SHA2017 - Stack Overflow (Crypto 100)

This challenge was accompanied by two files, an encrypted pdf file named flag.pdf.enc and the following python file named encrypt.py.

import os, sys
from Crypto.Cipher import AES

fn = sys.argv[1]
data = open(fn,'rb').read()

# Secure CTR mode encryption using random key and random IV, taken from
# http://stackoverflow.com/questions/3154998/pycrypto-problem-using-aesctr
secret = os.urandom(16)
crypto = AES.new(os.urandom(32), AES.MODE_CTR, counter=lambda: secret)

encrypted = crypto.encrypt(data)
open(fn+'.enc','wb').write(encrypted)

The stack overflow post that this is taken from hints at the issue, but a clearer picture comes from the PyCrypto documentation for AES. The important part is the counter parameter.

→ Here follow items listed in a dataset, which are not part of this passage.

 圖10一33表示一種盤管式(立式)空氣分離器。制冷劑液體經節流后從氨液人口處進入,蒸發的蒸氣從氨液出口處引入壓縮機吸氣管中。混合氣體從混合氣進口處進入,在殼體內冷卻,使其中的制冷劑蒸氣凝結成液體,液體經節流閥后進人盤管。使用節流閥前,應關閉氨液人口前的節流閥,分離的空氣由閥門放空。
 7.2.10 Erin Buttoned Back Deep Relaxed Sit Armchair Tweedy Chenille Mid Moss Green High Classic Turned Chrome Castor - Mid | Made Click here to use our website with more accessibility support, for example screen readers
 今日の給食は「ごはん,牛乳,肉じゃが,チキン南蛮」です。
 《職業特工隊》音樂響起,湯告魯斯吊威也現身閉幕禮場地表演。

The code is attempting to use CTR mode. The way that CTR mode is supposed to work, as it says in the Wikipedia article, is that the keystream is generated by encrypting successive values of a counter. That is, the AES encryption function is only used to encrypt the counter values, and the output is XOR’d with the plaintext in order to encrypt it.

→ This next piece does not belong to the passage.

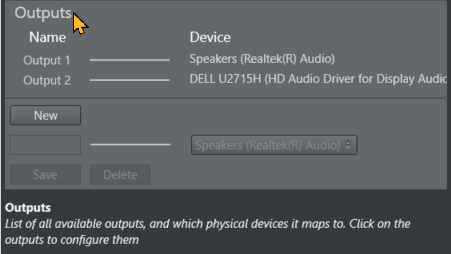 The Name column shows all outputs. The Device column shows all available playback devices on the computer.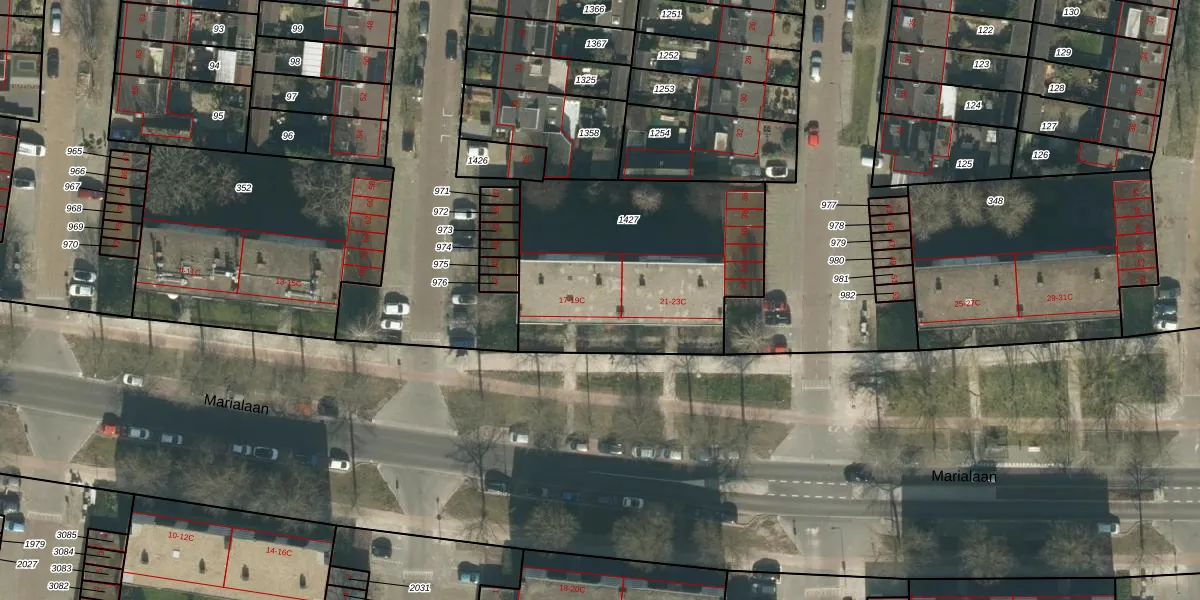 Het perceel waarop Marialaan 19 staat heeft een oppervlakte van 1115 m². Dit is een zeer groot perceel. De perceeloppervlakte wordt geregistreerd door het Kadaster. Gedetailleerde informatie over de maten van dit perceel kunt u vinden in het rapport Kadastrale kaart met maatvoering van Marialaan 19.

The counter parameter in PyCrypto AES is supposd to be a function that returns the successive values of the counter each time it is called. That is, the first time it is called, it should return the initial counter value. The second time, it should return counter + 1. And so on. However, in this code, it declares the counter function as a lambda function that returns the static value secret.

Since the same counter value is used for each block, then each block is XOR’d with the same pseudo-random block. What this means is that if we know an entire block, we can XOR it with the same ciphertext block and get the key block out. We can then use this to XOR with each block of the ciphertext to get the complete plaintext out. So then the question is, what block do we know?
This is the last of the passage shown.